From the February 2007 Idaho Observer:

Arguments and actions: A time and place for both

One of the smaller articles in the January 22, ’07 issue of The IO stayed with me long after having perused the 24 pages of Vol. 9, No.1. It told the sad tale of Ed and Elaine Brown, a couple who were recently (Jan. 18) found guilty of tax evasion by a jury of (obviously) completely clueless "consumers"; citizens (ostensibly) of the once great state of New Hampshire.

"My life is destroyed" Mr. Brown was quoted as saying. I read this on the same day it was announced in the news that 12 billion in U.S. currency was somehow misplaced—never to be seen again—in Mesopotamia. Sucked up by the same sands which all too greedily has absorbed the blood of over 3,300 soldiers and 650,000 citizens (from a study recently released by Johns Hopkins University) since America’s first selected president invaded Saddam Hussein’s Iraq in March, 2003, ostensibly in search of "WMD." Ironically, the U.S., with the aid of then vice-President George HW Bush and Donald Rumsfeld sold poison gas and other weapons (of mass destruction) to Saddam during the Reagan era.

Yes Ed, sad to say your life, like mine, has been destroyed by the IRS, an agency hell-bent on squeezing every last dime from the little guy. For, as the author John Ross so poignantly and truthfully points out on page 519 of his epic book "Unintended Consequences (1996), "A felony conviction will f-up your whole life, and that’s no exaggeration."

If any 10 supporters have yet to read this crucially important historical novel, I urge them to do so immediately.

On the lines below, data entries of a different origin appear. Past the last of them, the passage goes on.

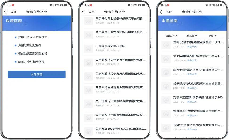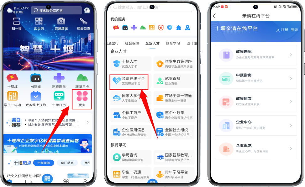 十堰新版“亲清在线”平台上线试运行来源:十堰政府网 9月19日,十堰新版“亲清在线”平台上线试运行,启动公开测试,进一步优化平台功能。企业用户可打开i武当APP,进入企业人才专区“亲清在线平台”体验。
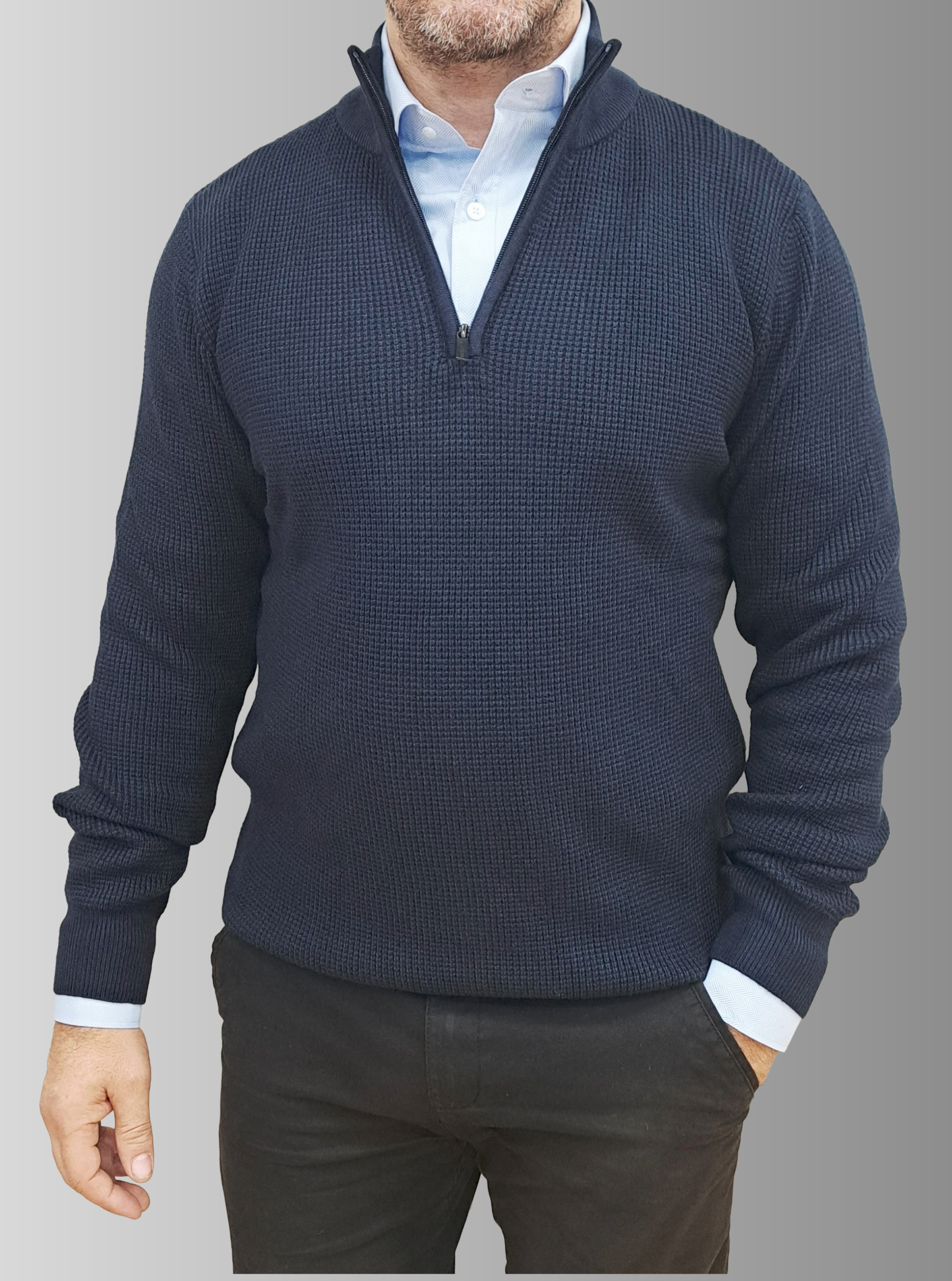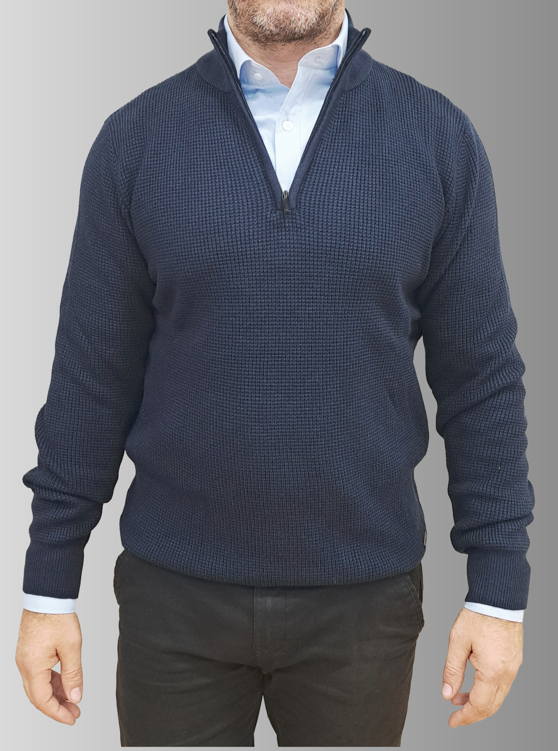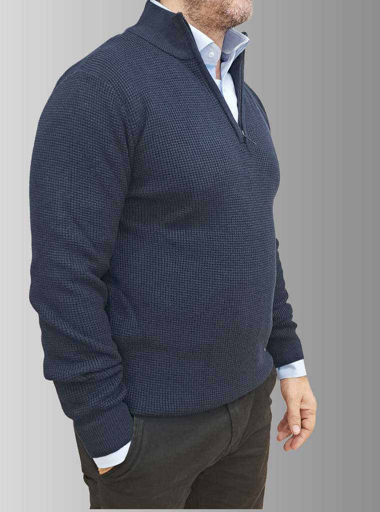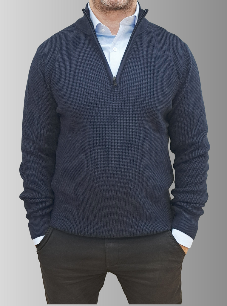 Elevate your everyday wardrobe with this versatile quarter-zip jumper, designed for effortless comfort and timeless style. Crafted in a rich navy blue, this knitted piece features a relaxed regular fit that works beautifully for casual outings or layered looks. The high neckline and front zip fastening offer practical styling flexibility, while long sleeves provide warmth through cooler months. Finished with ribbed trims for a polished silhouette, this jumper is the go-to layer you'll reach for again and again.
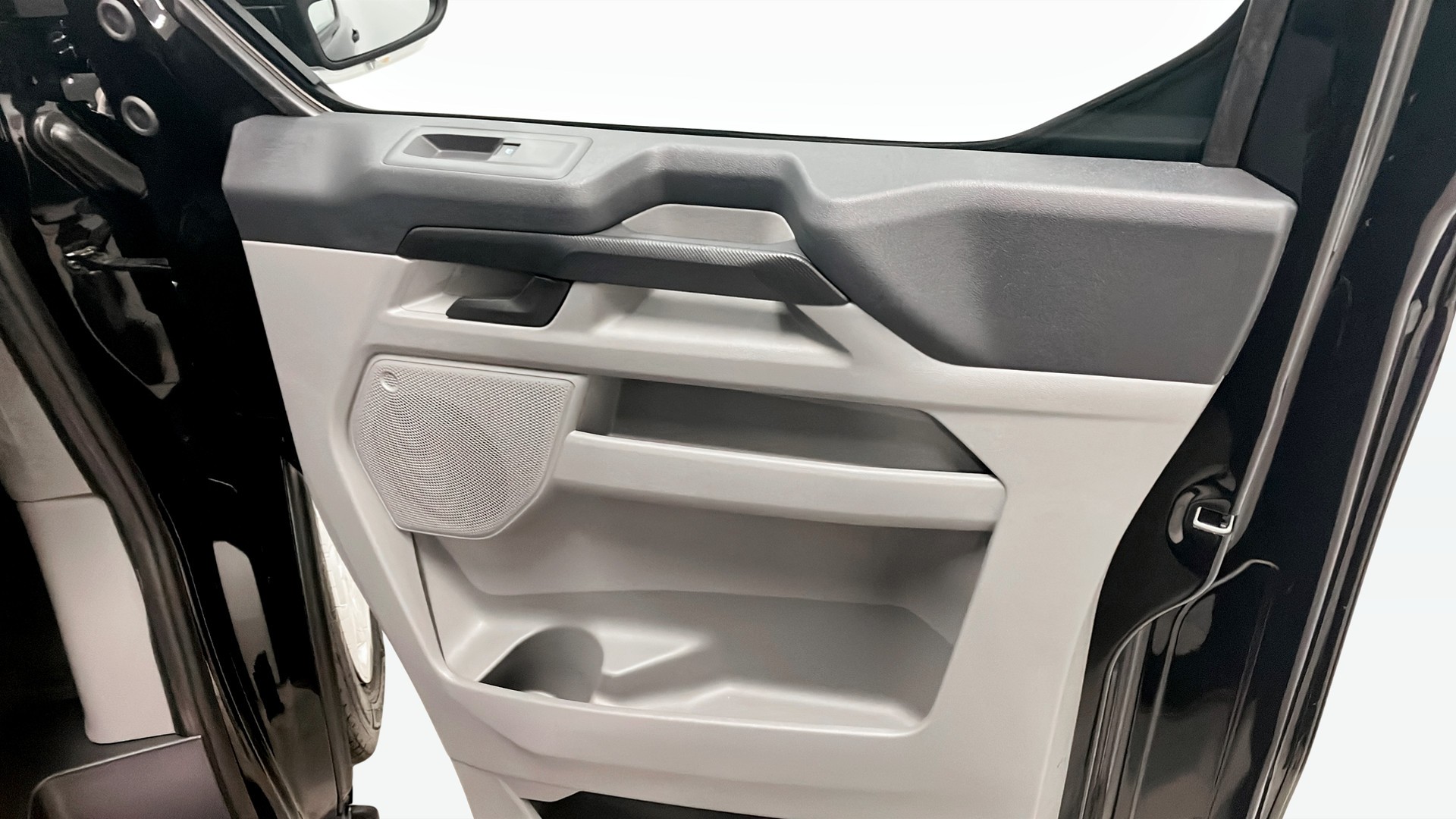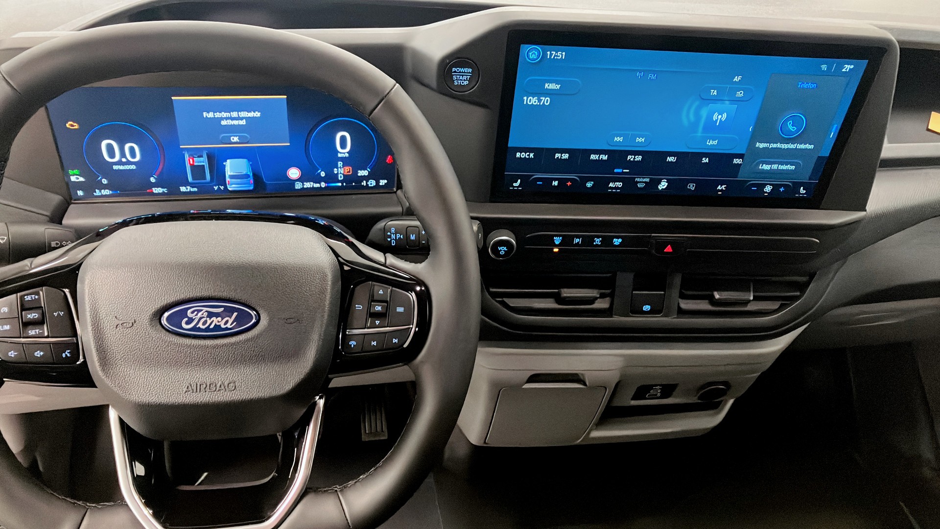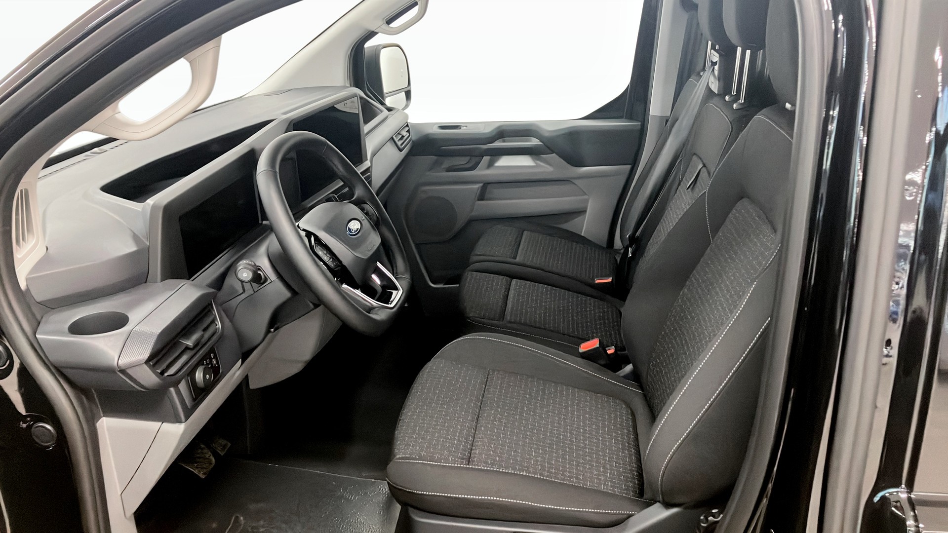 Ford Transit Custom Trend Skåp 320L 136 Aut Fwd, årsmodell 2026 – en fabriksny, svart Agate Black transportbil med fokus på komfort, säkerhet och smart lastlösning.
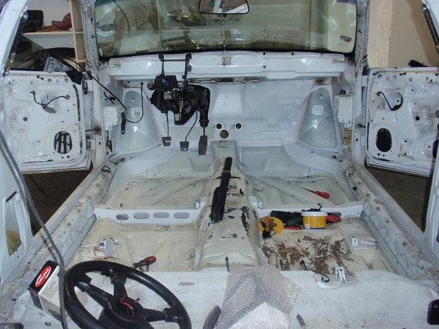 Ve volné chvíly probíhá kompletní odstrojování karoserie a příprava prostoru pro budoucí V8. Je no to času míň než se předpokládalo
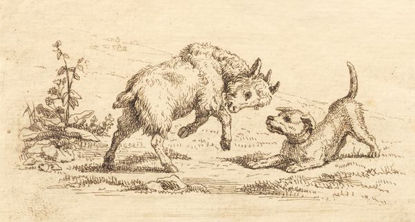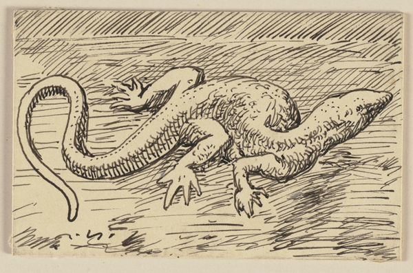 Curator: Here we have "The War Between the Frogs and Mice 02," a drawing by Theodor Kittelsen, made in 1885 using ink and pen. It seems…ominous? Editor: Ominous! Is that a first reaction to a frog and a mouse? I find it hilarious, mostly, with that frog so smug in the water. Curator: Well, look at the materials – the stark black ink on white. The heavy lines creating texture, specifically, seem to embody conflict and harshness. Think about what this piece signifies: Kittelsen is taking a classical fable, maybe commenting on class struggles, access to resources, or colonial exploitation? These pen illustrations were relatively easy to reproduce and distribute. Editor: Ah, now you've brought up distribution! I always imagined these stories were meant to warn children—like, don’t make deals with smiling frogs offering river cruises! The lines, you’re right, they’re really… deliberate. Scratchy, almost angry. And that poor mouse looks like it’s having the worst day! Curator: Indeed, Kittelsen uses that intense linework to illustrate hierarchy; it also renders a clear moral in a popular and understandable format for the public’s immediate engagement. Consider how this accessibility broadens discourse, fostering revolutionary thought about societal structures. Editor: Okay, I’ll admit, that deep dive is getting me closer to the "ominous." I’m still chuckling, but there’s a darkness creeping in… Curator: Darkness is precisely what I feel. The dark satire within Kittelsen’s image serves not only a visual delight but also political activism! Editor: I suppose art always finds ways to remind us how ridiculous we can be. Thanks for pointing me away from just seeing the funny frog; there is way more at play in the making and its reach here. Curator: Exactly! It's essential to appreciate the labor of creation, distribution, and social dialogue. Hopefully, it has encouraged deeper viewing for everyone today!
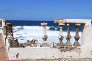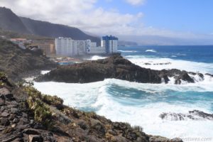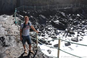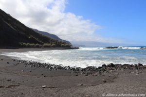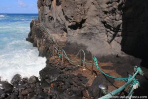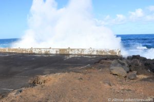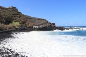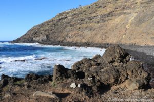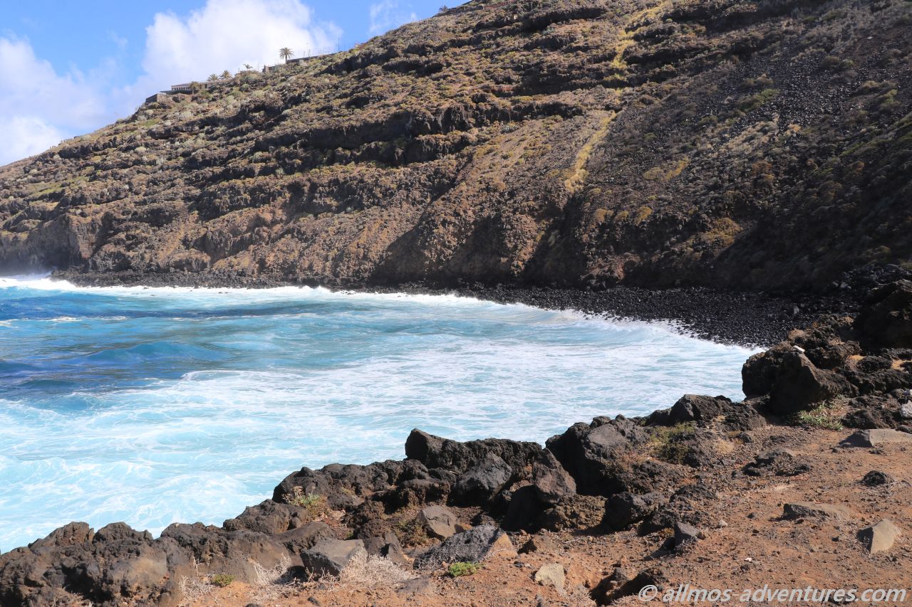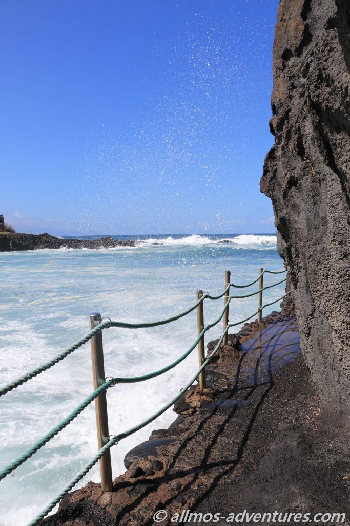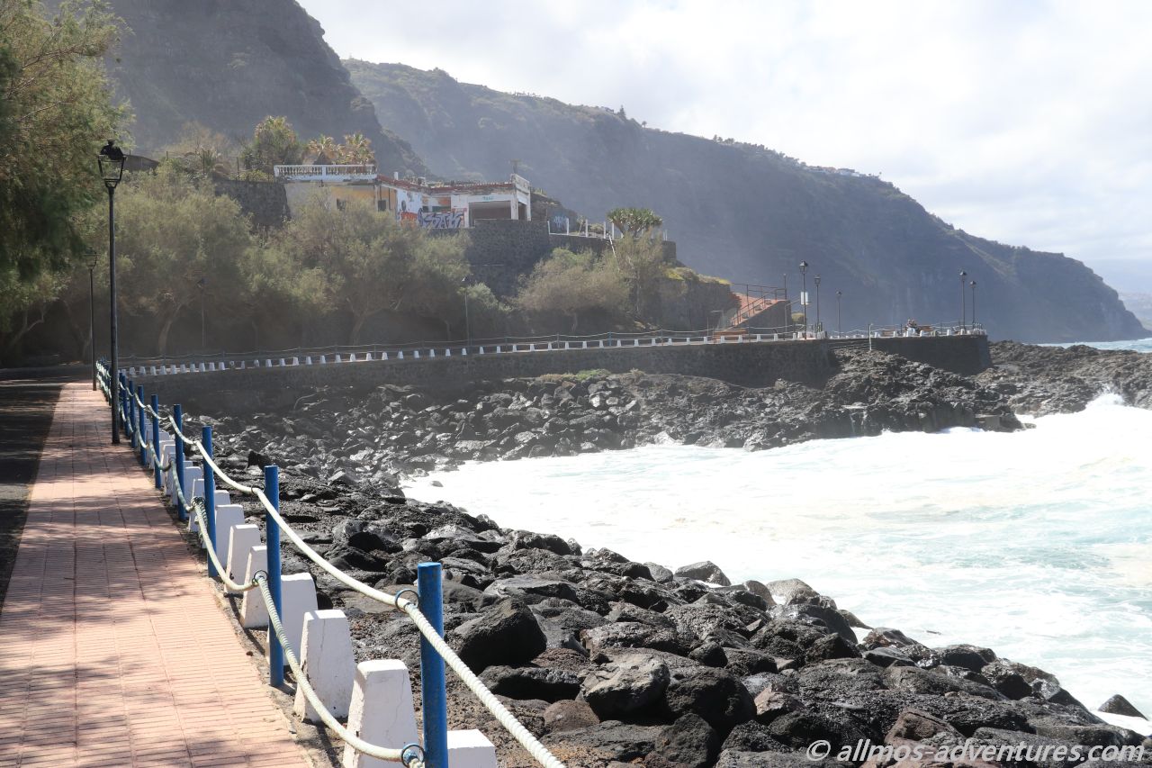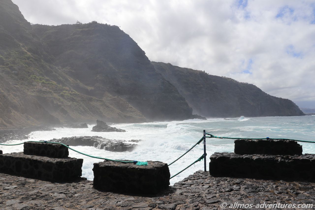 Wir durchliefen den kleinen Ort El Pris, kamen an dem Naturpool und ein paar Restaurants vorbei und hielten uns weiter an der Küste entlang. Dort mussten wir auf einem Stück aufpassen, dass uns keine Welle erwischt, sonst wären wir von der Gischt ganz schön nass geworden. Das Wasser lief quasi die paar in den Felsen gehauenen Treppenstufen hinunter.
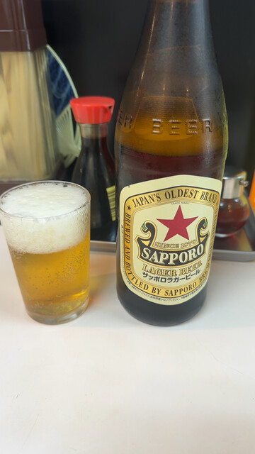 冷蔵庫を見ると、なんと赤星と、スーパードライの瓶が。
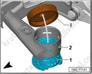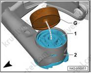 4. Обережно зніміть кришку (1) з амортизатора (2).
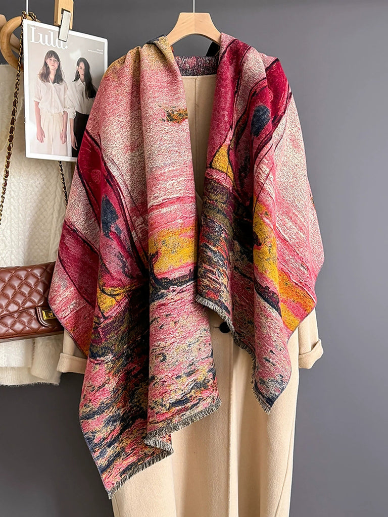 Châle écharpe à pompon imprimé en coton artistique vintage
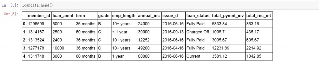 首先是准备工作,导入需要使用的库,读取并创建数据表取名为loandata。
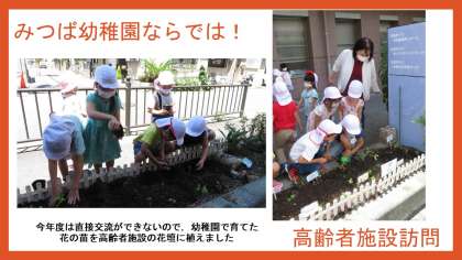 そんな中ですが,少しでも施設を利用される皆さんに元気を届けたいと思い,6月にゆり組(5歳児)の子どもたちが,施設の花壇に,幼稚園で育てた花の苗を植えました。
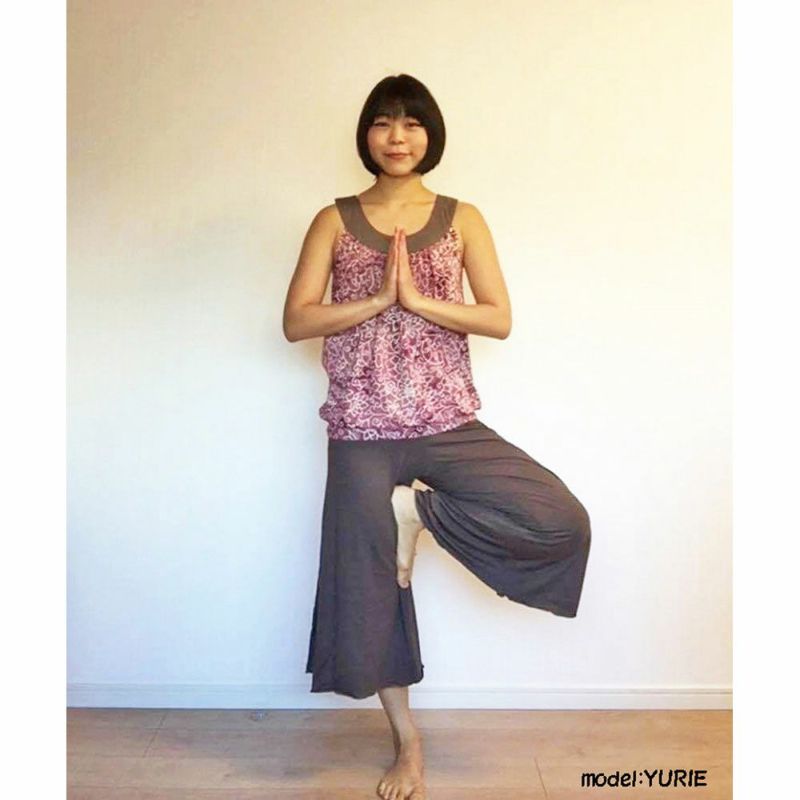 トップス丈は、ヨガのポージングで、お腹が出ないように長めに取っています。
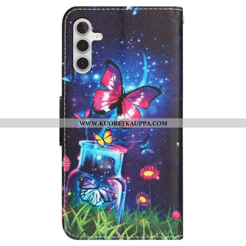 Kotelot Samsung Galaxy A55 5g Puhelinkuoret Pullo Ja Perhoset Hihnalla
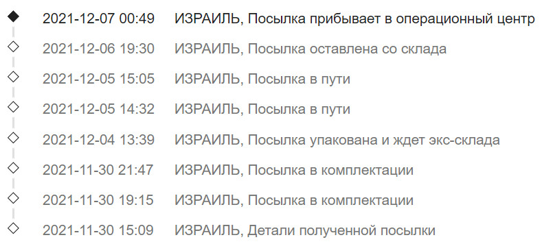 2006Michael писал(а): 12.12.2021, 20:34 Закажите что-нибудь из израильского магазина с доставкой и получите список из максимум трёх строчек: вышел, в дороге и прибыл

I just hope Mr. Brown understands the difference between arguments and action. The law requires the former; politics demands the latter. Mr. Ross’s tome, though fiction, is a fine game plan as to how and when a citizen MUST act to preserve what little liberty is left after administrative remedies and legal arguments have failed.

While Shepardizing some cases in the prison’s law library, I came across one where the author of a two-volume work I’ve heard about over the years, but have yet to read, titled "The Law That Never Was" (1985), gave expert testimony at trial documenting the fact the 16th Amendment was never properly ratified (1913). This improper addiction to the organic "law of the land" supposedly authorized the Congress to directly tax the wages as "incomes." The Supreme Court held that this was not a question of law but a political question to be settled outside the purview of the Courts. As far as the Supreme Court was concerned, the fact that then Secretary of State Knox publicly announced the 16th Amendment ratified made it so. Since no amount of evidence and activism have been able to overturn the illegal 16th Amendment, a constitutional coup d’etat was ratified under the color of law in 1913 and continues to this day.

So, those who seek a remedy under law from the nine robed dictators in D.C. must understand that the argument is over. Our "masters" have spoken and all pleas for a redress of grievances in this matter must now be addressed from one of the three boxes of freedom: The ballot box, the jury box or the cartridge box.

Since the political class has effectively closed off access to the first two options and have been systematically banning our access to the last one since the 1930s, it is high time real men like Mr. Brown and his supporters seriously consider their box options—with the New Hampshire state motto, "Live Free or Die!" as their guide.

I offer my prayers and best wishes and a reminder to all: "Keep yer powder dry."